Unable to disassemble specific instruction in RISCV

[trojanwarriors]

I tried to disassemble a specific instruction, and Capstone couldn't return with the correct output The following Python code reproduces the error:

# test1.py
from capstone import *

md = Cs(CS_ARCH_RISCV, CS_MODE_RISCVC)

# 1001 0100 0010 0101 0011 0101 0000 0011
# (1001 0100 0010) (0101 0)(011) (0101 0)000 0011
# ld x10, -1726(x10)
# 0x94253503

CODE = b"\x03\x35\x25\x94"
print("First instruction: ")
for i in md.disasm(CODE, 0x00000690):
    print("0x%x:\t%s\t%s" %(i.address, i.mnemonic, i.op_str))

CODE = b"\x03\x25\x35\x94"
print("Second instruction: ")
for i in md.disasm(CODE, 0x00000690):
    print("0x%x:\t%s\t%s" %(i.address, i.mnemonic, i.op_str))

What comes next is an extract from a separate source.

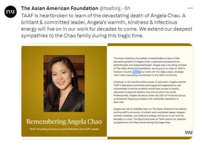 亚裔美国人基金会(TAAF)在社交媒体上发文表示哀悼,“安吉是亚裔美国人基金会的创始成员之一,担任基金会顾问委员会联合主席,她以深刻的价值观、战略眼光和对亚太裔社区坚定不移的承诺指导我们的工作,在亚裔美国人基金会和亚太裔社区留下了不可磨灭的印记。作为一名杰出忠诚的领导者,安吉的温暖、善良和感染力将在未来几十年继续伴随在我们的工作中。在这痛心的时刻,向赵氏家族致以最深切的哀悼。”

The output shows that only the second instruction could be disassembled:

[trojanwarriors]

another instruction: 0x63cd3d03 -> ld x26, 1596(x26). It seems it is affecting LD instructions. The interesting part is that tools like ROPGadget can disassemble it correctly.

[Rot127]

Unfortunately, the RISCV module is still not updated and is at the level of LLVM 7. This is likely why it isn't decoding it. Checkout https://github.com/capstone-engine/capstone/issues/2015 for any progress in this regard.

[trojanwarriors]

I am sorry. I couldn't find a way to send a private message to you, Rot127, so I am sending it here. Can I work to fix this issue? I just saw a Kaban-like dashboard after clicking the link Capstone V6 Plan. How does the collaboration work?

[Rot127]

Can you ping me in the Telegram channel of Capstone, please?

[Rot127]

If you can't use Telegram I would write something properly out for RISCV, but it will take a day or two.

[Rot127]

@trojanwarriors There is the idea to generate the RISCV module not from LLVM, but use SAIL. Because the definitions have way better quality. So please ping us before starting to work on anything.

[trojanwarriors]

It is working now with CS_MODE_RISCV64 instead of CS_MODE_RISCVC. Great!